Steve Morris, managing partner of the Axis Advisors, tells the paper, "The transformation is wonderful, but (Detroit) has gotten more expensive."

"What we’re starting to see is a small exodus of companies starting to leave," Morris said. "As leases come up, they are looking at the suburbs and they’re saying 'I can be in Southfield where there are a good handful of buildings in good shape, where one can lease space at about $18 a foot — and the parking is free."

Health care firm ConcertoHealth moved its regional office from Detroit to Southfield, and Blue Cross Blue Shield moved some 400 workers from Detroit to Southfield as well. Meanwhile, nonprofit Local Initiatives Support Corp. left downtown for New Center in search of cheaper rent.
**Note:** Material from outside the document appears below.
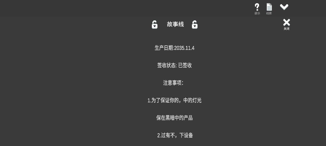 如图,第一章/序章的时候,查看箱子上的标签,然后看故事线,文本是乱的。

That said, there are a number of major businesses still set to relocate to Detroit: Google and LinkedIn are opening downtown offices, Tata Technologies is moving its North American headquarters from Novi to Midtown, and Ford Motor Co. is set to rehab Corktown's long-decrepit Michigan Central Station.

The story follows a Bridge Magazine report released earlier this week, which suggested that downtown Detroit's gains could spell job losses for Oakland County. (It also quoted Oakland County spokesman Bill Mullan, who called referred to downtown's businesses as "the Gilbert cartel.")

"While the suburbs have benefited from both federal policies and Detroit’s downward spiral, their 'strength' is illusory," Pleasant Ridge Mayor Kurt Metzger told Bridge. "We must be able to attract a young, educated workforce and our far-flung suburban job centers are not the answer."